Nothing in the listing should be altered when it is copied, and no picture goes into the copy.

▶ Dataset content:
-=-=-
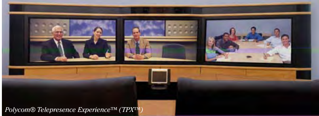
Polycom® Telepresence Experience™ (TPX™)

The all inclusive immersive telepresence environments featuring a new level of video solution for customers who demand the very best in quality
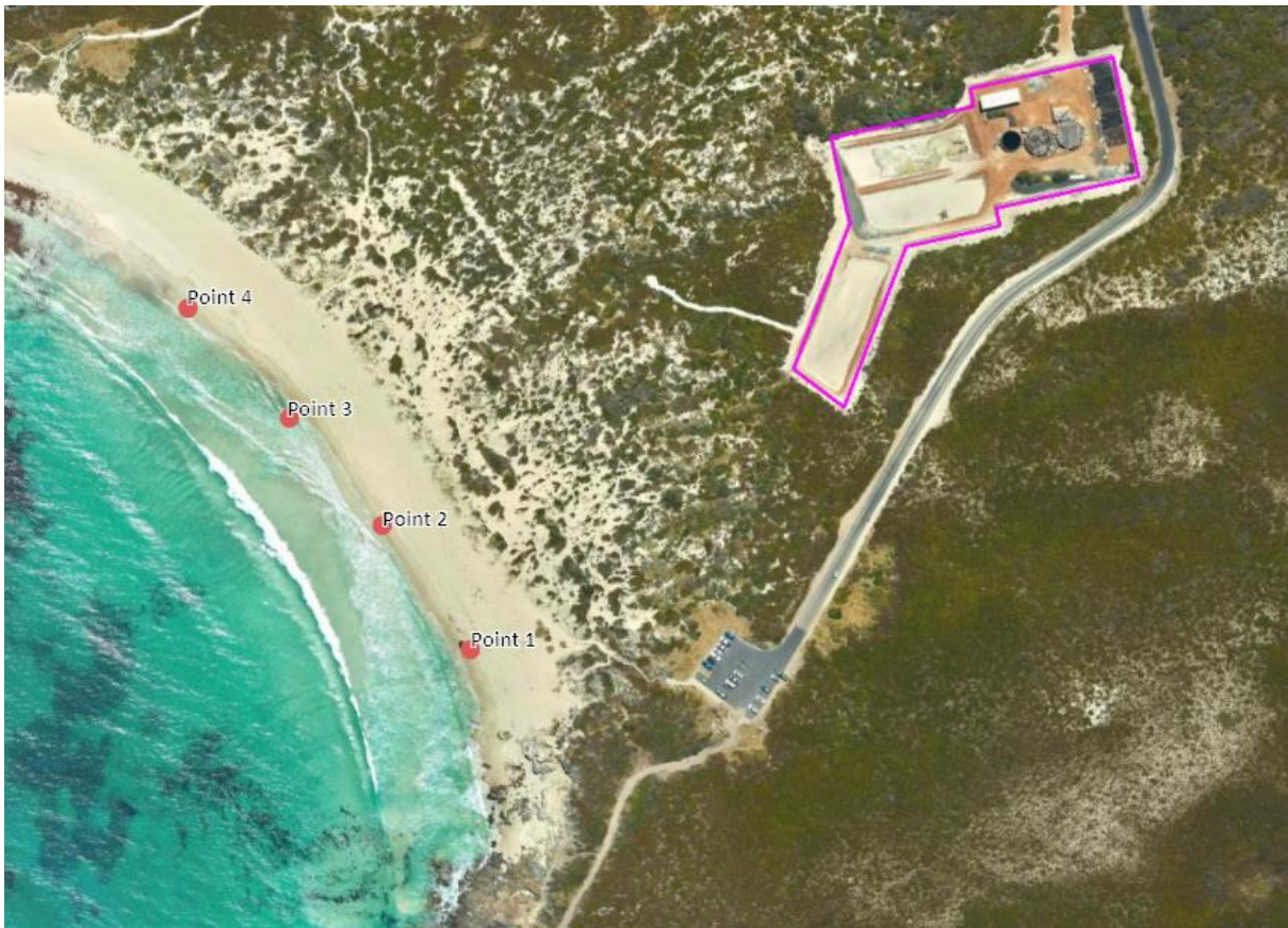
Figure 2: Shore sample points

The location of shore sample points is shown by the red circles in the map below (Figure 2).
-=-=-
▶ Result below:
Polycom® Telepresence Experience™ (TPX™)

The all inclusive immersive telepresence environments featuring a new level of video solution for customers who demand the very best in quality
Figure 2: Shore sample points

The location of shore sample points is shown by the red circles in the map below (Figure 2).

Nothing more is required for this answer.